King Lewis XI. being counselled by certain envious persons to deface his tomb, used these, indeed, princely words:— “What honor shall it be to us, or you, to break this monument, and to pull out of the ground the bones of him, whom, in his life time, neither my father nor your progenitors, with all their puissance, were once able to make fly a foot backward? Who by his strength, policy, and wit, kept them all out of the principal dominions of France, and out of this noble Dutchy of Normandy? Wherefore I say first, God save his soul, and let his body now lie in rest, which, when he was alive, would have disquieted the proudest of us all; and for his tomb, I assure you, it is not so worthy or convenient as his honor and acts have deserved.” —Vide Sandford’s History of the Kings of England.

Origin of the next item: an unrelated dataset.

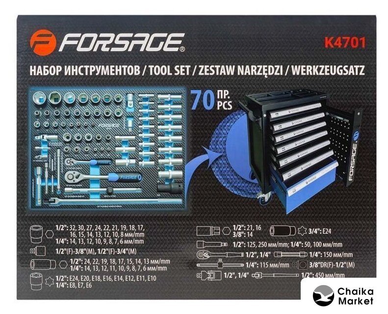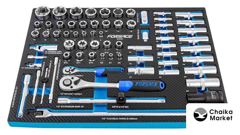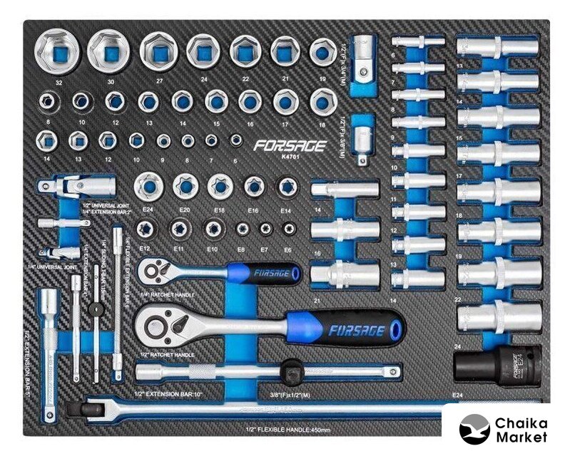 Комплектация | Оснасткаголовки (56 шт.), удлинители (4 шт.), кардан (2 шт.), переходник (2 шт.), адаптер (1 шт.)Головкиторцевые шестигранные (24 шт.), глубокие торцевые (17 шт.), торцевые Е-тип (12 шт.), свечные (3 шт.)Торцевые шестигранные головки1/2″ (8, 10, 12, 13, 14, 15, 16, 17, 18, 19, 21, 22, 24, 27, 30, 32 мм), 1/4″ (6, 7, 8, 9, 10, 12, 13, 14 мм)Глубокие торцевые головки1/2″ (13, 14, 15, 17, 18, 19, 22, 24 мм), 1/4″ (6, 7, 8, 9, 10, 11, 12, 13, 14 мм)Торцевые головки E-тип1/2″ (Е10, Е11, Е12, Е14, Е16, Е18, Е20, Е24), 1/4″ (Е6, Е7, Е8), 3/4″ (Е24)Удлинители1/2″ (125, 250 мм), 1/4″ (50, 100 мм)Кардан1/2″, 1/4″Ключивороток (2 шт.)ВороткиT-образный (1 шт.), шарнирный (1 шт.) |

(D) Gloster,] Humphrey, Duke of Gloster, was the fourth son of King Henry IV., and on the death of his brother, Henry V., became Regent of England. It is generally supposed he was strangled. His death took place in the year 1446.

(E) Exeter,] Shakespeare is a little too early in giving Thomas Beaufort the title of Duke of Exeter; for when Harfleur was taken, and he was appointed governor of the town, he was only Earl of Dorset. He was not made Duke of Exeter till the year after the battle of Agincourt, November 14, 1416. Exeter was half brother to King Henry IV., being one of the sons of John of Gaunt, by Catherine Swynford.

(F) Archbishop of Canterbury,] The Archbishop’s speech in this scene, explaining King Henry’s title to the crown of France, is closely copied from Holinshed’s chronicle, page 545.

“About the middle of the year 1414, Henry V., influenced by the persuasions of Chichely, Archbishop of Canterbury, by the dying injunction of his royal father, not to allow the kingdom to remain long at peace, or more probably by those feelings of ambition, which were no less natural to his age and character, than consonant with the manners of the time in which he lived, resolved to assert that claim to the crown of France which his great grandfather, King Edward the Third, had urged with such confidence and success.” —Nicolas’s History of the Battle of Agincourt.

(G) ——the law Salique,] According to this law no woman was permitted to govern or be a Queen in her own right. The title only was allowed to the wife of the monarch. This law was imported from Germany by the warlike Franks.

(H) Tennis-balls, my liege.] Some contemporary historians affirm that the Dauphin sent Henry the contemptuous present, which has been imputed to him, intimating that such implements of play were better adapted to his dissolute character than the instruments of war, while others are silent on the subject. The circumstance of Henry’s offering to meet his enemy in single combat, affords some support to the statement that he was influenced by those personal feelings of revenge to which the Dauphin’s conduct would undoubtedly have given birth.

(I) Enter Bardolph, Nym, Pistol, Mrs. Quickly, and Boy.] These followers of Falstaff figured conspicuously through the two parts of Shakespeare’s Henry IV. Pistol is a swaggering, pompous braggadocio; Nym a boaster and a coward; and Bardolph a liar, thief, and coward, who has no wit but in his nose.